Rapid recipes (copy-paste friendly)

  • JSON output template:
Task: <what>
Output: JSON only. Schema: {"field1": "string", "list": ["string"]}
Examples:
{"field1": "Example", "list": ["a","b"]}

Content:
<START>
...
<END>
  • Safety-first reply:
If unsure, respond: 'I DON'T KNOW'. Do not guess. Provide sources if available.
  • Batching multiple constraints:
Provide: (1) 30-word summary; (2) 3 headline options; (3) one tweetable sentence. Do not exceed 40 words for any output part.

Closing: TL;DR with teeth

  • Be specific about the task, output format, and constraints. Specificity reduces hallucination and increases automability.
  • Use templates and examples — the model copies patterns; this is a feature, not cheating.
  • Balance: start with strict constraints, relax as you iterate.
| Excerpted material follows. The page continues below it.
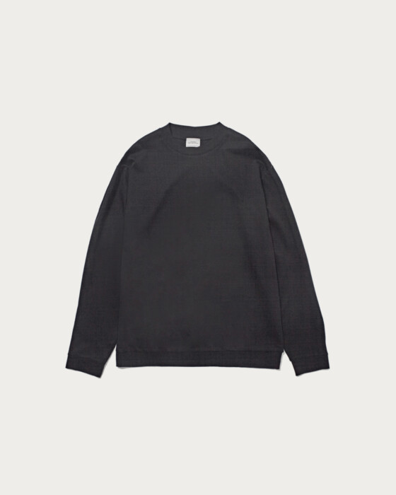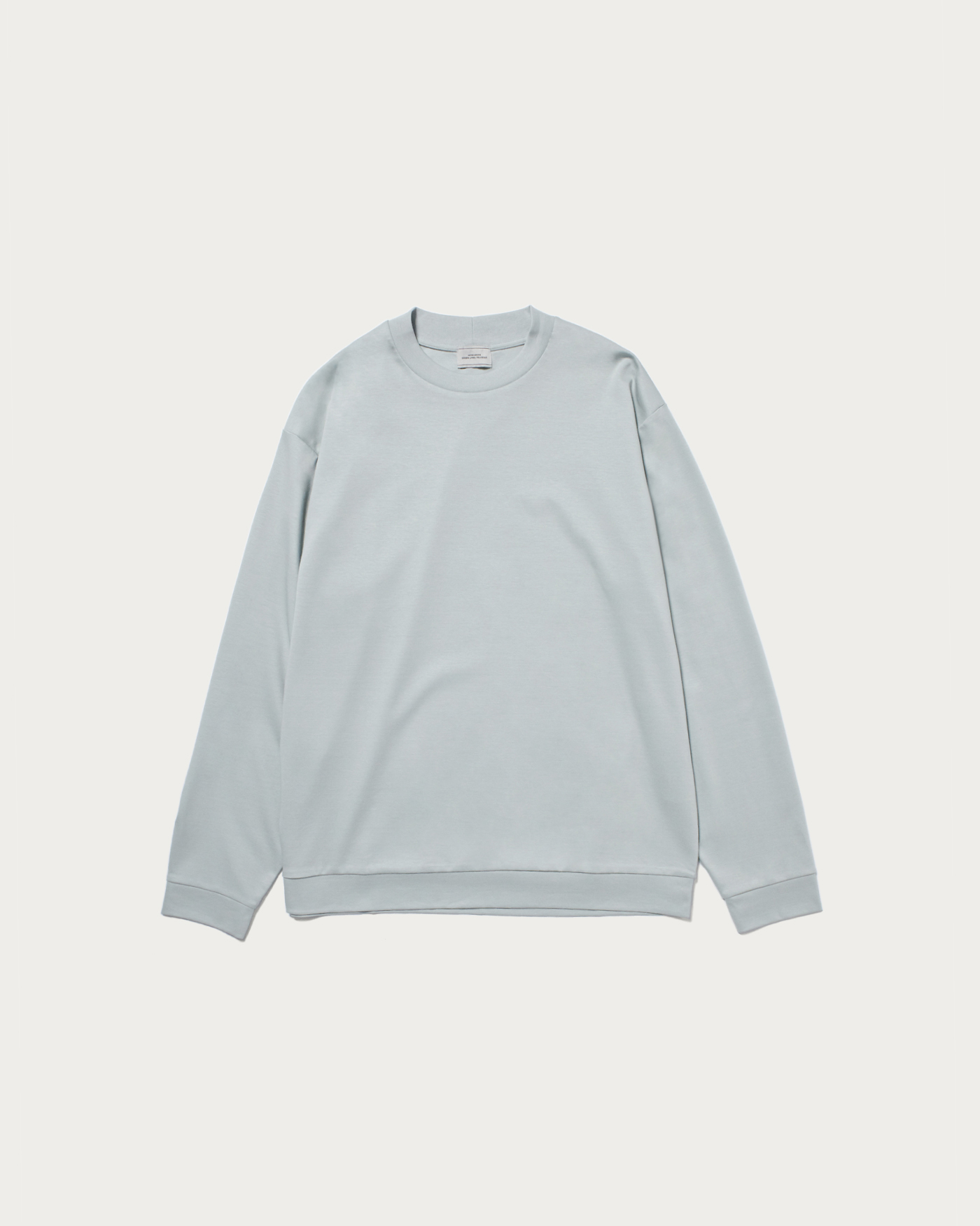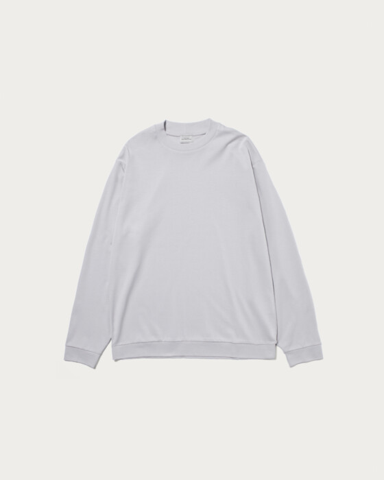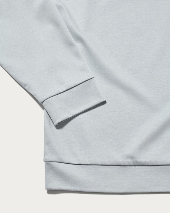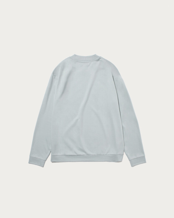 We used fine-count yarn to create a smooth and glossy ponte fabric through processing. The crew neck, with varying collar heights at the front and back, reduces neck stress when wearing a jacket. This piece is perfect as an inner layer.
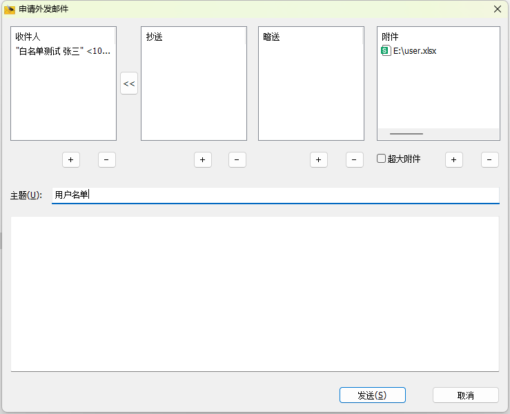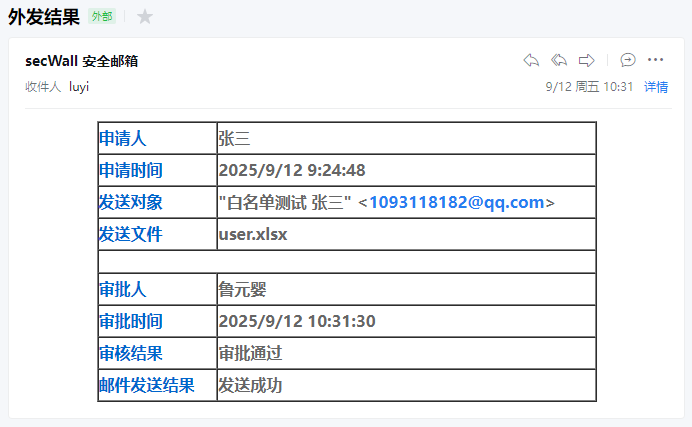外发邮件审批 3. 外发阶段 若审批通过,系统将自动将该邮件发送至外部收件人,并给申请人发送回执通知审批及外发结果。

Measure variance and set randomness accordingly.
  • Fail-safe: instruct the model to say 'I DON’T KNOW' when appropriate — leverage prior lessons on model confidence.

Final chef's kiss: a good prompt is like a well-written grocery list. You don’t ask for "food". You ask for "two ripe avocados, diced; 1 small red onion, minced; 1 lime, juiced" — and then you get guacamole, not a confused trip to the farmer's market.

Version note: this lesson builds directly from 'Clarity Over Cleverness' and the behavior lessons on non-determinism, domain transfer, and safe refusal. Apply these specificity patterns, iterate, and watch chaos become workflows.